§ PROBLEM DETAILS:
What follows is a set of records; restate each one word for word and drop the pictures.

§ DATA EXTRACTS:
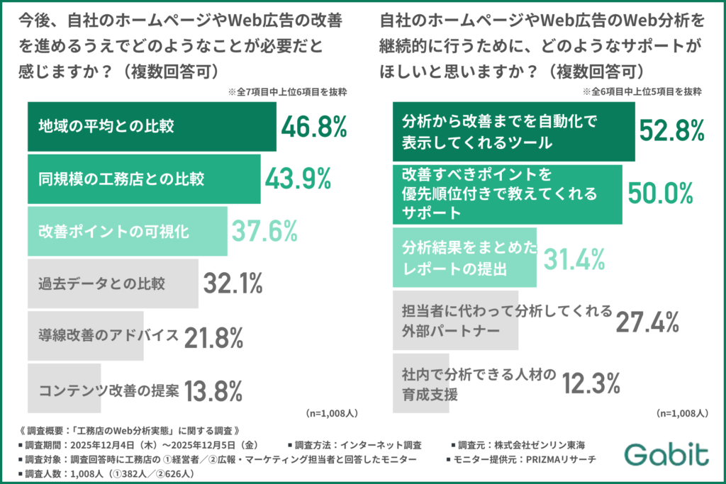 一般的なWebマーケティングのノウハウではなく、あくまで「自社と同じような環境にある工務店」のデータと比較したいという意向が強いようです。
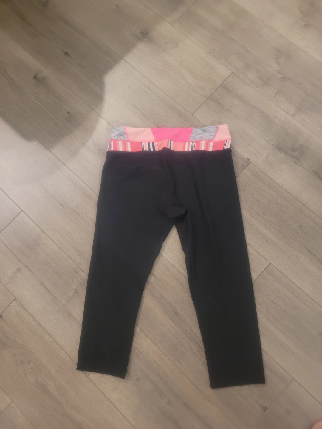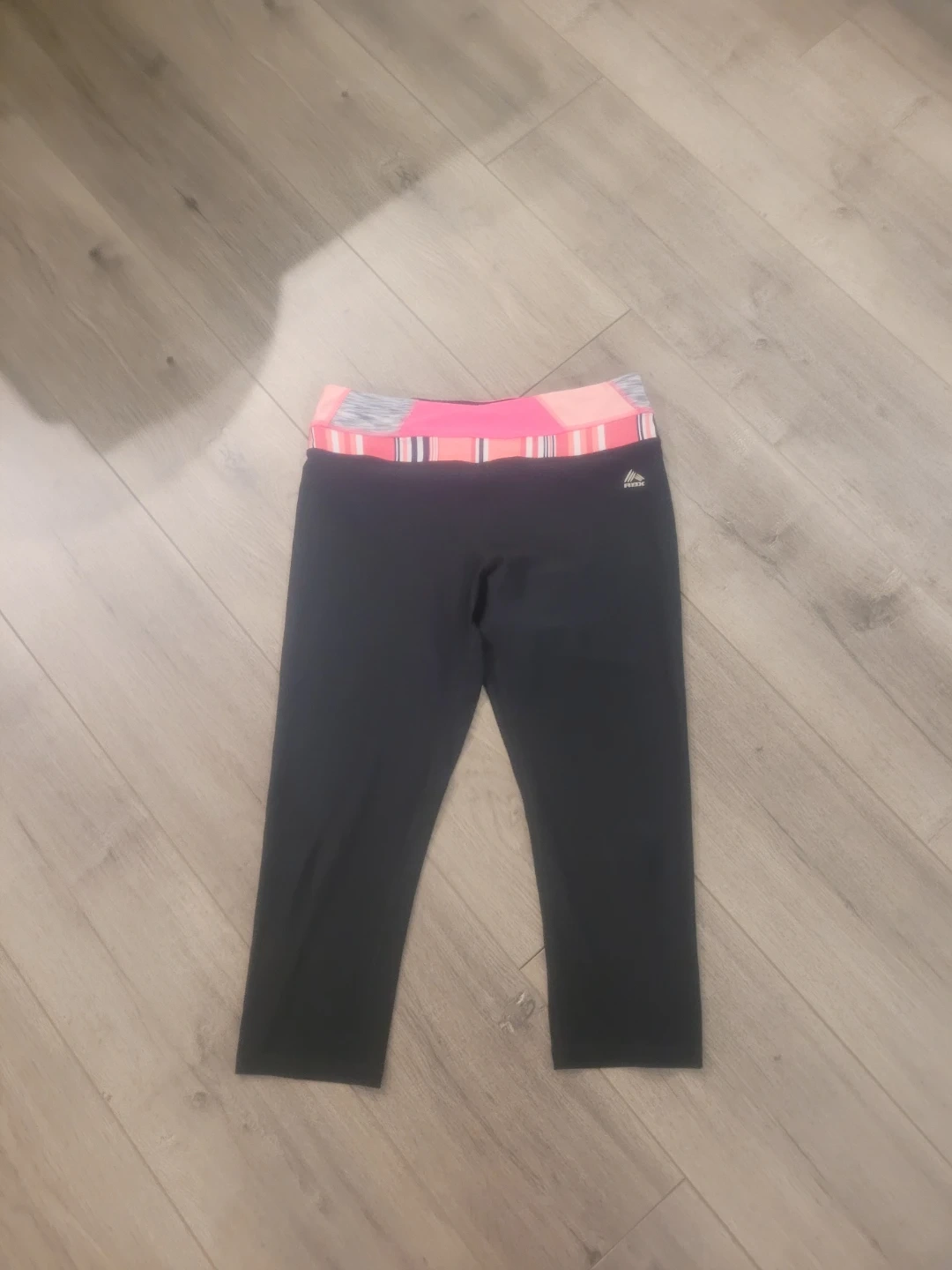 RBX black capri leggings with a colourful striped waistband. These comfortable capris are made for active wear. Size is medium.
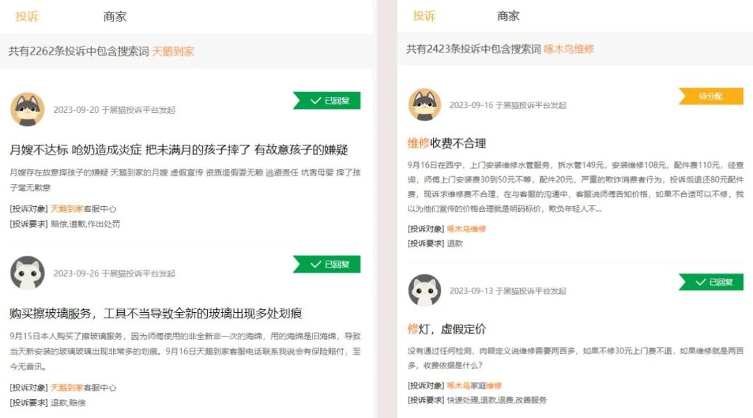 在黑猫投诉平台上,搜索“天鹅到家”关键词,显示投诉达2262条,其中不乏“月嫂不达标”“保洁操作不当损坏家具”“保姆服务未到期剩余费用没退还”等问题;啄木鸟家庭维修相关投诉达2423条,消费者针对“维修费用不合理”“维修后依然存在故障”等情况也多有不满。
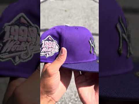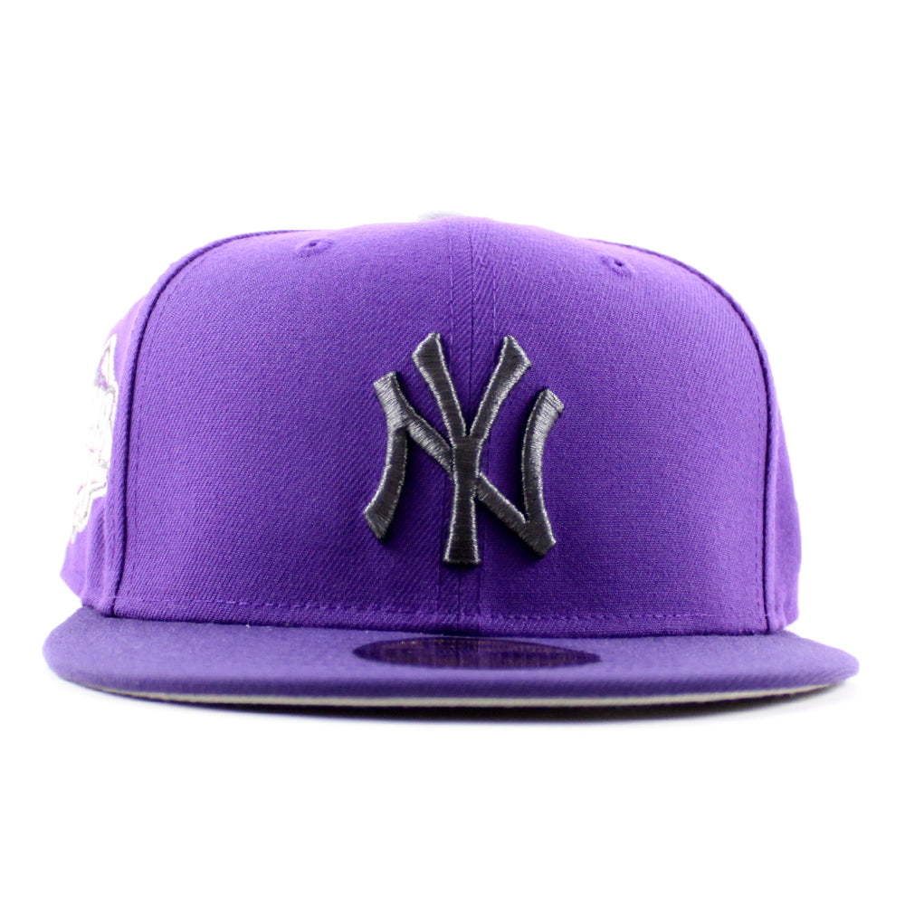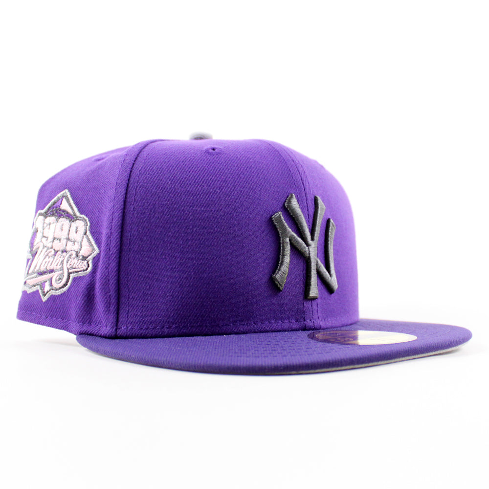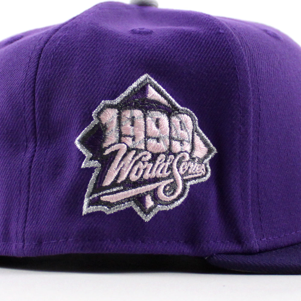 New York Yankees 1999 World Series New Era 59Fifty Fitted Hat in Deep Purple and Gray Under Brim.
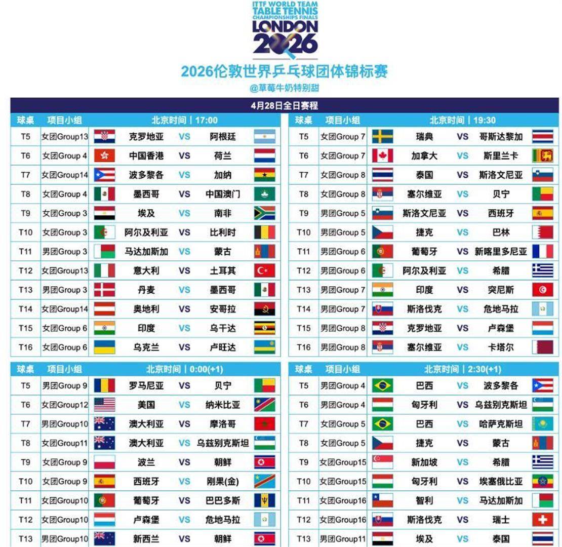 本次世乒赛团体赛的转播信号将覆盖全球。 多家国际体育媒体和转播机构都会对关键场次进行直播,确保世界各地的球迷能够收看到这场乒乓盛宴。 对于卫冕冠军的球迷来说,从5月2日开始,就需要调整好作息,准备迎接从下午到凌晨的连续观赛挑战。
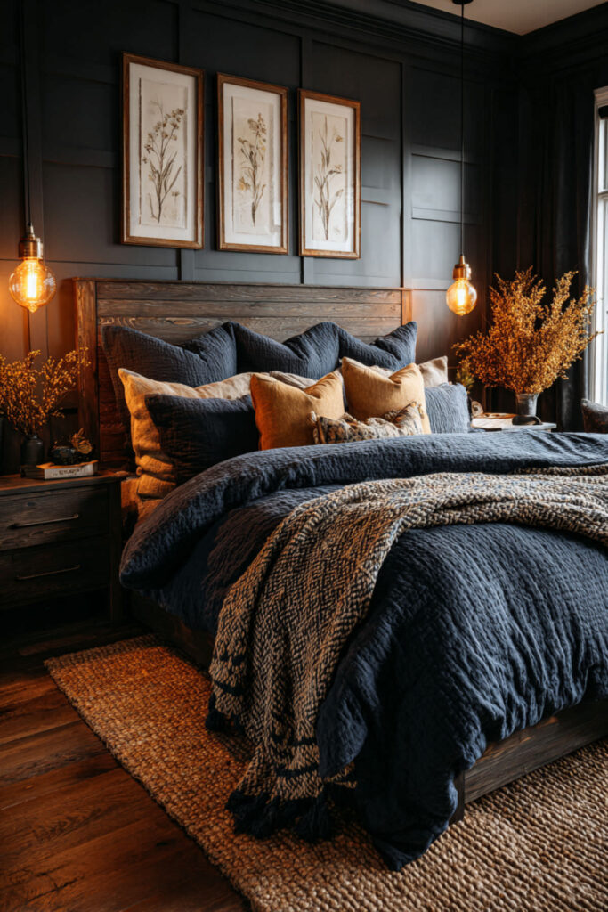 A large upholstered headboard in charcoal against a midnight blue wall creates a tonal anchor that defines the bed’s vertical space without introducing any brightness. The charcoal headboard absorbs into the dark wall in low light (making the bed feel like it’s emerging from the wall itself) and separates gently in daylight (adding visual definition to the room’s darkest zone). Linen or velvet upholstery adds the textural variation that keeps two dark surfaces from reading as flat. I recommend a large upholstered headboard in charcoal linen or charcoal velvet, mounted or positioned against the midnight blue wall behind the bed. This blue gray bedroom and dark blue and grey bedroom idea gives the bed its vertical structure within the moody palette — the surface where the charcoal and the blue meet.
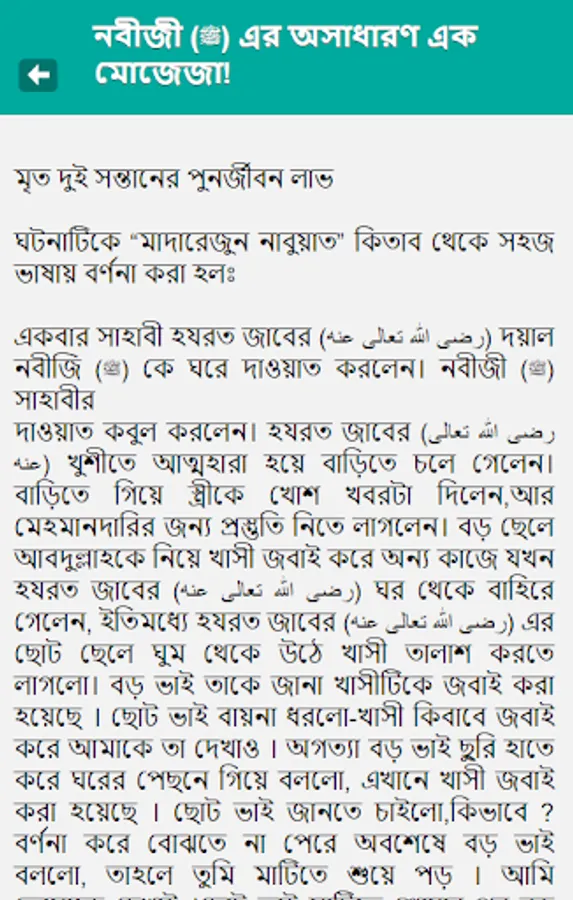 ইসলামিক ঘটনা অ্যাপটি কয়েকজন নবী ও তাদের মুযেযা নিয়ে করা হয়েছে।
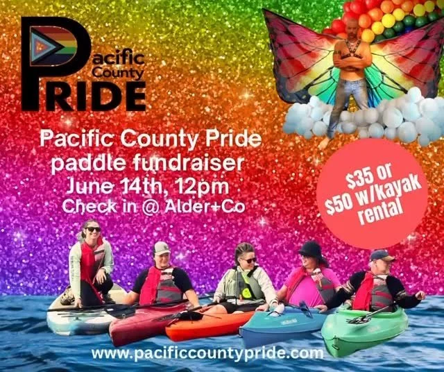 Join us Saturday, June 27, from 11am to 2pm in Long Beach, WA, for a drag brunch supporting Pacific County Voices Uniting. Enjoy performances by Sativa Queen, brunch by Barbe-Queen, Drag Bingo, trivia, and conversations with local elected officials.
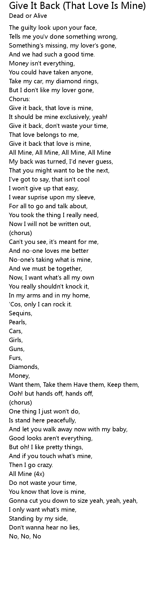 Give it back that love is mine,
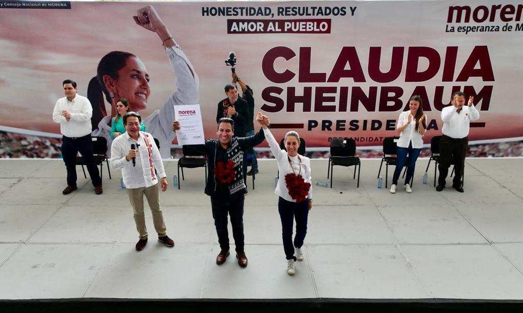 En el evento, Mario Delgado, presidente de Morena, y Claudia Sheinbaum entregaron la constancia de coordinador de la defensa de la transformación en Chiapas a Eduardo Ramírez.

§ EXPECTED ANSWER:
 一般的なWebマーケティングのノウハウではなく、あくまで「自社と同じような環境にある工務店」のデータと比較したいという意向が強いようです。
 RBX black capri leggings with a colourful striped waistband. These comfortable capris are made for active wear. Size is medium.
 在黑猫投诉平台上,搜索“天鹅到家”关键词,显示投诉达2262条,其中不乏“月嫂不达标”“保洁操作不当损坏家具”“保姆服务未到期剩余费用没退还”等问题;啄木鸟家庭维修相关投诉达2423条,消费者针对“维修费用不合理”“维修后依然存在故障”等情况也多有不满。
 New York Yankees 1999 World Series New Era 59Fifty Fitted Hat in Deep Purple and Gray Under Brim.
 本次世乒赛团体赛的转播信号将覆盖全球。 多家国际体育媒体和转播机构都会对关键场次进行直播,确保世界各地的球迷能够收看到这场乒乓盛宴。 对于卫冕冠军的球迷来说,从5月2日开始,就需要调整好作息,准备迎接从下午到凌晨的连续观赛挑战。
 A large upholstered headboard in charcoal against a midnight blue wall creates a tonal anchor that defines the bed’s vertical space without introducing any brightness. The charcoal headboard absorbs into the dark wall in low light (making the bed feel like it’s emerging from the wall itself) and separates gently in daylight (adding visual definition to the room’s darkest zone). Linen or velvet upholstery adds the textural variation that keeps two dark surfaces from reading as flat. I recommend a large upholstered headboard in charcoal linen or charcoal velvet, mounted or positioned against the midnight blue wall behind the bed. This blue gray bedroom and dark blue and grey bedroom idea gives the bed its vertical structure within the moody palette — the surface where the charcoal and the blue meet.
 ইসলামিক ঘটনা অ্যাপটি কয়েকজন নবী ও তাদের মুযেযা নিয়ে করা হয়েছে।
 Join us Saturday, June 27, from 11am to 2pm in Long Beach, WA, for a drag brunch supporting Pacific County Voices Uniting. Enjoy performances by Sativa Queen, brunch by Barbe-Queen, Drag Bingo, trivia, and conversations with local elected officials.
 Give it back that love is mine,
 En el evento, Mario Delgado, presidente de Morena, y Claudia Sheinbaum entregaron la constancia de coordinador de la defensa de la transformación en Chiapas a Eduardo Ramírez.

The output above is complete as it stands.